Among the phenomena that Pavlov observed was the partial recovery of a classically conditioned response after it had been extinguished by withholding the unconditioned stimulus. This recovery happened in the absence of any further unconditioned stimulation. Pavlov referred to this phenomenon as spontaneous recovery. Although the chance of spontaneous recovery increases with time following the extinction procedure, such conditioned responses do not generally return to full strength. Moreover, with repeated recovery/extinction cycles, the conditioned response tends to be less intense with each period of recovery. On the other hand, reconditioning by pairing the same conditioned and unconditioned stimuli usually occurs much faster than the original conditioning.

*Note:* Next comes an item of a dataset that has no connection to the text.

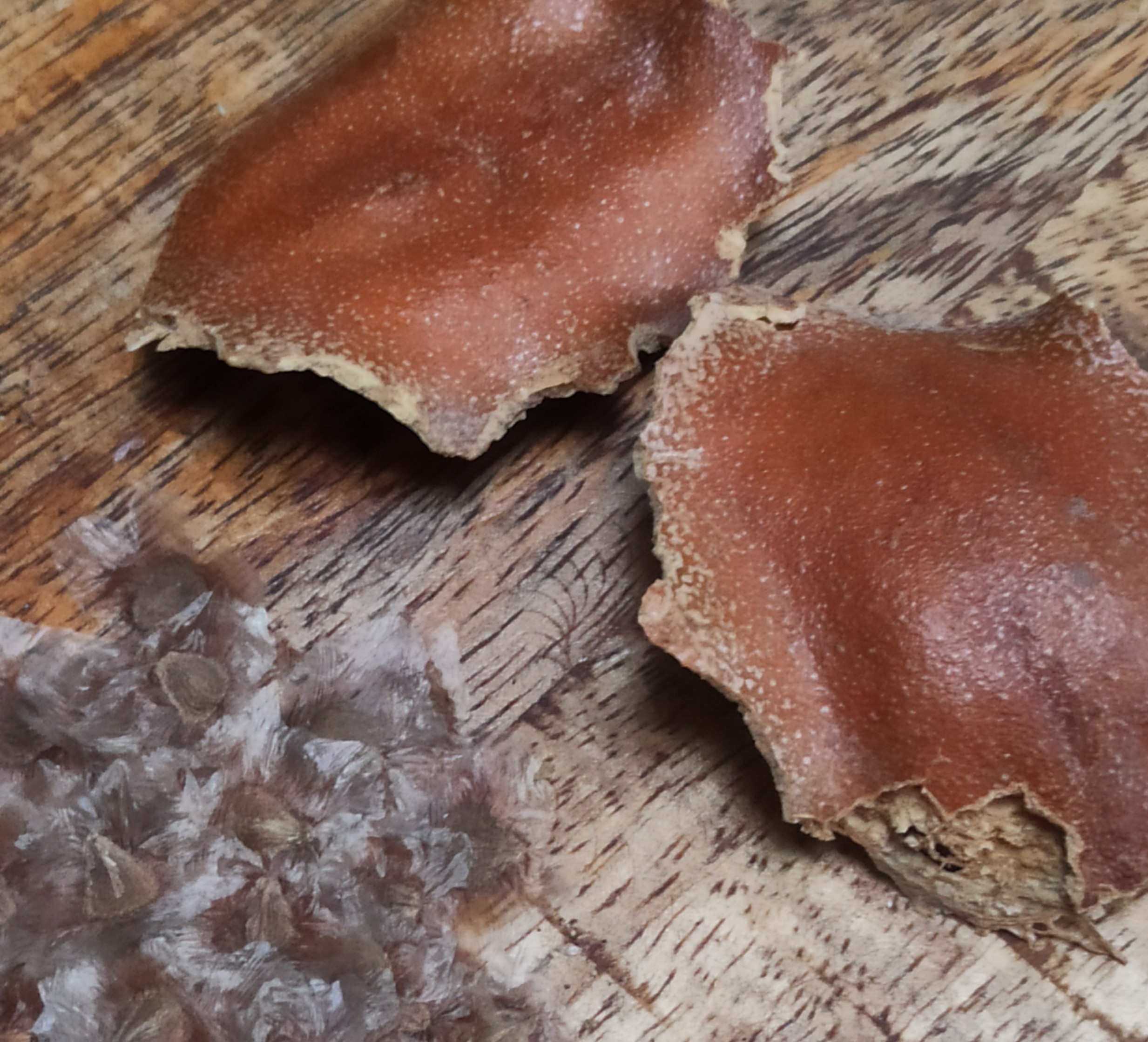 Als eerste deze zaden die uit een harde , soortement bladvormige zaaddoos komen. Ik heb helaas geen foto van het boompje waar deze aanzat

A key conclusion is that extinction leaves a permanent trace; it does not simply reverse conditioning. This conclusion has been very important to both theories of classical conditioning and to its applications in behavioral therapy.

In human memory

Retroactive interference
Spontaneous recovery as it pertains to human memory can be traced back to the work of George Edward Briggs, who was concerned with the concept of retroactive interference. Inhibition, or interference, is a function of competition among responses, whereby a resultant memory has dominance over another.  It is not that the inhibited responses are lost from memory per se, but that they are kept by other responses from appearing.

Retroactive interference is the psychological theory of memory whereby learning something new impedes retrieval of a memory that was previously learned. Briggs studied retroactive interference using a test of free recall. In his study, participants learned paired associate words (i.e. A1-B1, A2-B2,...Ai-Bi) over multiple trials, until the learning of the Ai-Bi associates were perfected. Following this, participants were given a new list of paired associates, where the second word of the pair was changed while the first word of the associate pair was kept the same (A1-C1, A2-C2,... Ai-Ci). After mastery of this second list of paired associates, Briggs had participants perform a recall procedure. He presented a list A item and the participant was asked to recall whichever pair (the -Bi or –Ci) that came to mind. Based on retroactive interference, learning of A-B paired associates declined due to the learning of the subsequent A-C associates, and as a result, there was a higher rate of responses from list C by the participants on the recall test.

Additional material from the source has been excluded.